When the weather man’s predictions are for an ice storm with a half an inch of freezing rain, the best thing to do is to call the airlines and start packing. However, most of us can’t afford to do that.
The things you need to think about are heat, water, food and toilet. If you’re a city dweller, your water and sewer may not be affected during a power loss, but in the country, it goes out with the electricity. Fill a couple of buckets with water for flushing the toilet, and fill pitchers for drinking water. Don’t worry about keeping it cold–it’ll bring up the temperature in your refrigerator every time you open the door for a drink. Keep the freezer closed unless you want all of your frozen foods to slowly thaw. If you have a gas cooking stove you are all set for preparing meals, but if you have an electric stove you’re going to be eating sandwiches and cereal.
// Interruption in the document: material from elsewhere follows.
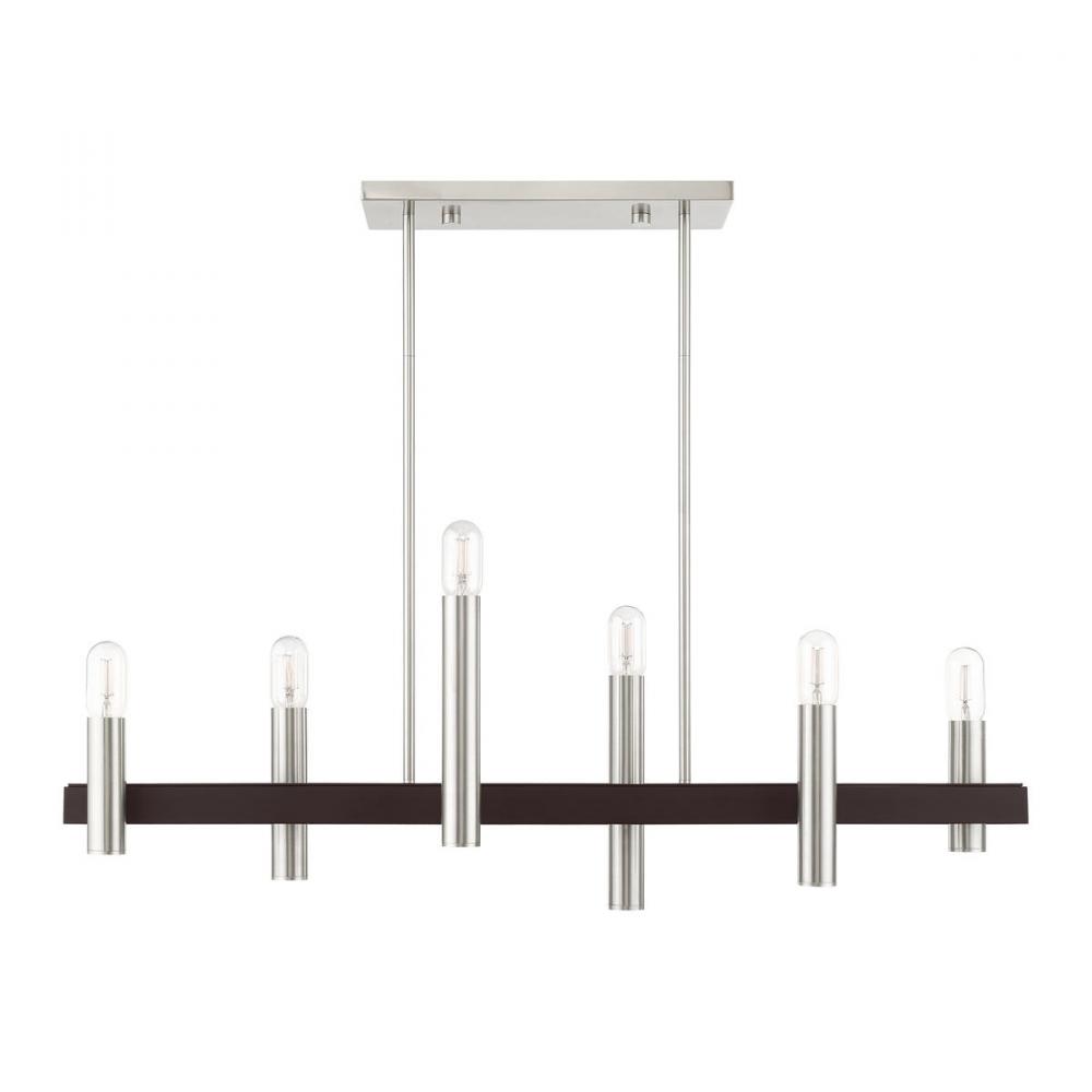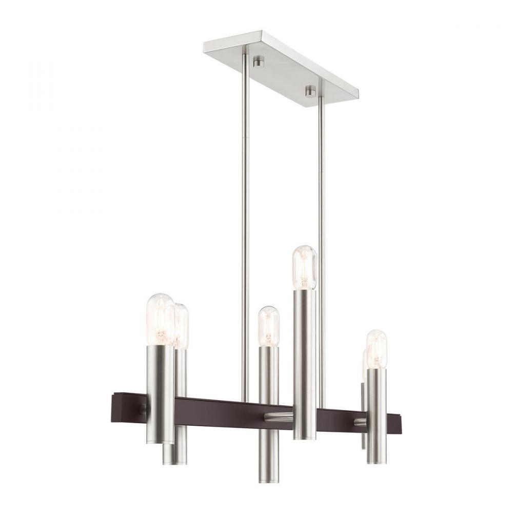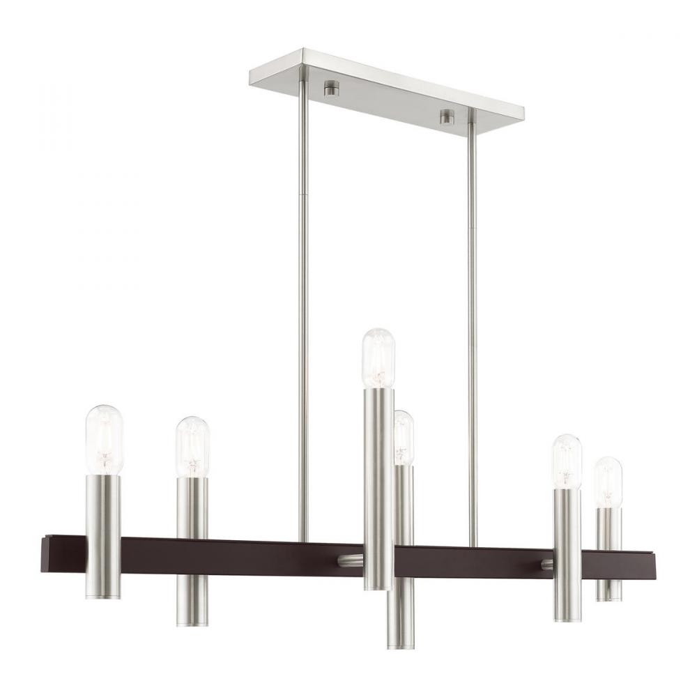 6 Lt Brushed Nickel & Bronze Linear Chandelier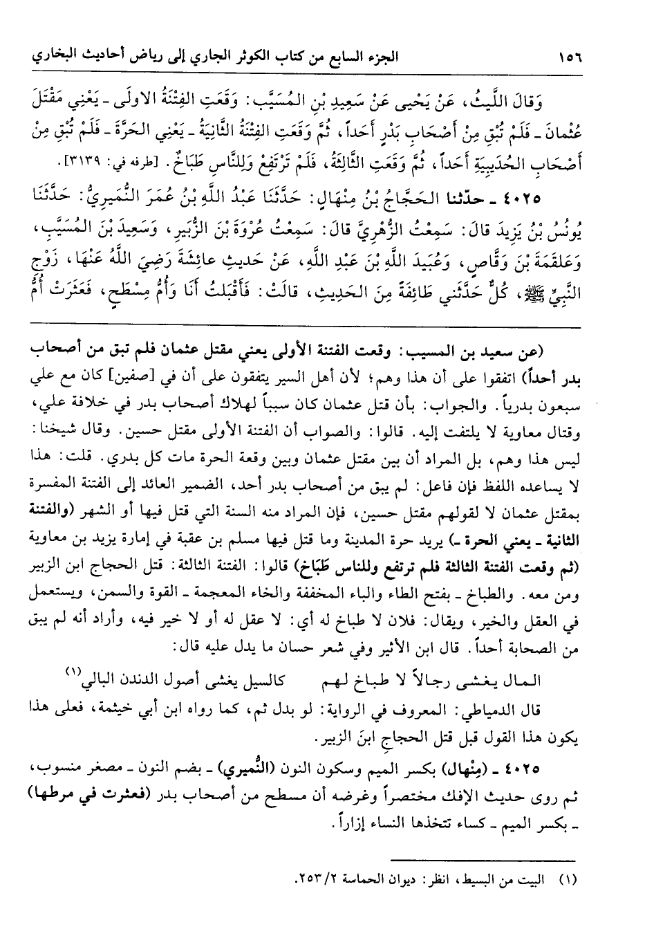 (عن سعيد بن المسيب: وقعت الفتنة الأولى يعني مقتل عثمان فلم تبق من أصحاب بدر أحدًا) اتفقوا على أن هذا وهم؛ لأن أهل السير يتفقون على أن في [صفين] كان مع علي سبعون بدريًّا. والجواب: بأن قتل عثمان كان سببًا لهلاك أصحاب بدر في خلافة علي، وقتال معاوية لا يلتفت إليه. قالوا: والصواب أن الفتنة الأولى مقتل حسين. وقال شيخنا: ليس هذا وهم، بل المراد أن بين مقتل عثمان وبين وقعة الحرة مات كل بدري. قلت: هذا لا يساعده اللفظ فإن فاعل: لم يبق من أصحاب بدر أحد، الضمير العائد إلى الفتنة المفسرة بمقتل عثمان لا لقولهم مقتل حسين، فإن المراد منه السنة التي قتل فيها أو الشهر (والفتنة الثانية -يعني الحرة-) يريد حرة المدينة وما قتل فيها مسلم بن عقبة في إمارة يزيد بن معاوية (ثم وقعت الفتنة الثالثة فلم ترتفع وللناس طَبَاخ) قالوا: الفتنة الثالثة: قتل الحجاج ابن الزبير ومن معه. والطباخ -بفتح الطاء والباء المخففة والخاء المعجمة- القوة والسمن، ويستعمل في العقل والخير، ويقال: فلان لا طباخ له أي: لا عقل له أو لا خير فيه، وأراد أنَّه لم يبق من الصحابة أحدًا. قال ابن الأثير وفي شعر حسان ما يدل عليه قال:

Conserve heat by closing doors to all rooms and staying in one of them. If you’re fortunate enough to have a woodstove and know how to use it safely, light a warming fire and gather in that room. Bundle up with warm clothes and quilts and have a quiet reading time or a family game night. If you have a heater that you use for camping, don’t try using it indoors unless it specifically says that it is approved for that use.
Make sure your cell phone is fully charged and that you have flashlights and candles before darkness falls. Have a large cache of unscented tea lights on hand, which are very inexpensive and light the way for hours.
Of course, the best and handiest thing to have for these times is a generator. You can plug in just a few things with a long indoor-outdoor heavy duty extention cord, or have an electricial wire your home for it. In times of extended power outages, you can turn off your house power at the main electrical box and turn on the generator to run your refrigerator, heating system and a burner or two on your stove. A generator is a good investment, even if it only gets used once a year. An extented power outage can ruin everything in your freezer causing a larger expense than a generator’s cost.
If you’re prepared for an ice storm, it will only be a minor inconvenience instead of a catastrophe.